Greek-born American historian (1925–2023)

Beata Maria Kitsikis Panagopoulos (Greek: Μπεάτα Μαρία Κιτσίκη-Παναγοπούλου; June 27, 1925 – April 27, 2023) was a Greek-born American professor of art at San Jose State University. In 1982, she received the Academy of Athens annual award for the humanities. In 1992, she received the Hellenic American Professional Society of California's Axion Award.

== Early life and education ==
Beata Maria Kitsikis was born in Athens, Greece on June 27, 1925, as the daughter and eldest child of three to Nicolas Kitsikis and Beata Merope Petychakis. Nicolas Kitsikis was full professor and rector of the National Technical University of Athens (Athens Polytechnic School) and had served as General  Director of Public Works in the government of Eleftherios Venizelos, 1917–1920. At the time of her birth, he was a technical director for the British company MacAlpine and had, among other projects, built the harbour of Heraklion, Crete. Her mother, Beata Petychakis (Beata Kitsikis) born July 14, 1907, in Heraklion, Crete, was the daughter of Emanuel Petychakis, a Cretan Greek doing business in Egypt. Beata Petychakis married Nicolas Kitsikis at 16 and moved to Athens where Panagopoulos was born. Panagopoulos grew up in central Athens, in the suburb of Ekali, and eventually, in the neighborhood called Kolonaki.

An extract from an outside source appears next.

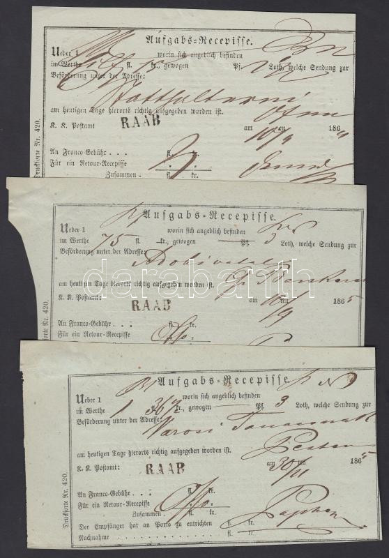 1864-1866 Győr, német nyelvű feladóvevények Raab (Győr) csíkbélyegzővel, 5 db.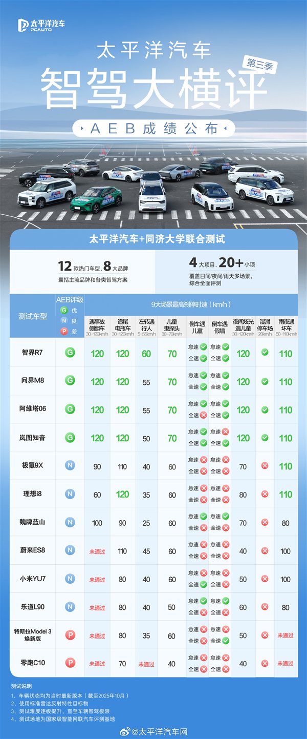 快科技11月14日音问,近期,太平洋汽车网举办了第三季“智驾大横评”,并至当天公布了多车AEB测试收货。

Panagopoulos finished high school in 1943. During the next two years she studied architecture at the National Technical University of Athens, and archeology at the School of Philosophy, University of Athens (UoA). In February 1947, Panagopoulos left Greece for the United States, where she had received a scholarship to the Oriental Institute of the University of Chicago. There she completed both her bachelor's degree and master's degree in the field of Medieval Art History under Professor Ulrich Middeldorf.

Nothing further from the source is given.